Thursday dawned sunny and breezy and soon we were off on a beam reach, with 2 reefs on flat seas doing 7+ knots at times. Harry was working, though had to be monitored since, like the skipper, he tended to wander off at times. But conditions were such that we decided to skip Ballycotton, to go on to Crosshaven in Cork. We sailed for 6 hours before the winds got fluky and the engine was on again. Luckily, it only for a short while as the winds shifted and came good again for the last 10 miles into Cork harbour. The entrance is always impressive as the hills rise and forts impressively look down on you as you go in. We had a bit of traffic to deal with before we turned in west to Crosshaven. I had been years since I had been here and it was as busy as ever. But a pint of Murphys in Cronin's tasted as good as ever!
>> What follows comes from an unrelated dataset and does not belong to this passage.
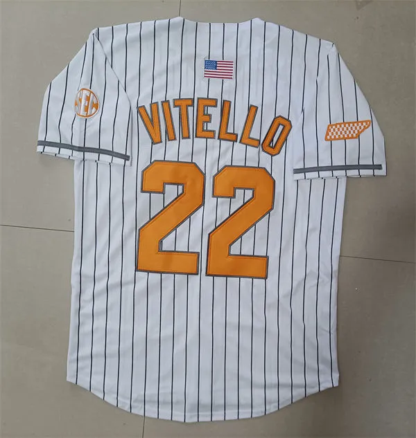 Home » NCAA Jersey » Tennessee Volunteers » Tennessee Volunteers Baseball Jersey » Tennessee Volunteers #22 Tony Vitello White Pinstripe T Logo with name Baseball Game Limited Jersey

We had light northerly winds the following day for the 15 mile trip around to Kinsale. Christine felt that after two long days we deserved a more relaxing one. So we sailed out on light winds from astern making 2-3 knots. The ghoster came out for a while before the winds died, only to come up again from the Northwest and we were off again doing 5 knots on glassy seas. It was coastal sailing at its best. Over the other trips I had made through these waters, my abiding memory was winds from the wrong direction and being held up every few days due to a blow coming through. This time I can't believe that I have had winds no higher than force 5 and nearly always from a good direction. Anyway, Kinsale was as busy as ever with tourists and some impressive sailboats were great eye candy. I know, some guys go away and look at the pretty girls. I just look at the pretty boats. Sad or what !!!

The following morning dawned still, with only the hint of a breeze. So it was back to the engine as we motored past a sleeping Kinsale heading west. Since Christine only had 2 days of sailing left, she had to decide our destination. But since we were now heading into West Cork, the options were endless, with lots of anchorages big and small to chose from. In the end she took us to Clear Island and after 7 hours of motoring we anchored in the idyllic anchorage of South Harbour. Motoring again after two lovely days sailing was a bit boring but it meant that we could get further along the way towards her final destination of Castletownbere, which she had last visited on the original Suckin' Diesel all those years ago. The itinerary for the visit to Clear was a quick stroll around the island before watching Spain squeeze past Sweeden, (accompanied buy a couple of pints of Murphys). We had an early night in preparation for Christine's last day. This was a real gem. We left at 8am and sailed out towards the Fastnet for a wee look before turning northwest for Mizen head. At this stage we had gone as far south as we would be this summer and it would be northwards for the next 6 weeks or so. The winds were light but enough to sail as we ghosted along at 3-5 knots to the rock and beyond before losing the wind for the last hour into Castletownbere. 270 miles covered in a week wasn't bad at all and for the first time in ages the wind gods gave us good winds and calm seas for most of the trip. When I think back on those hours Derrick, Randall, etc and I spent fighting headwinds on previous trips to here I realise how lucky we were this time.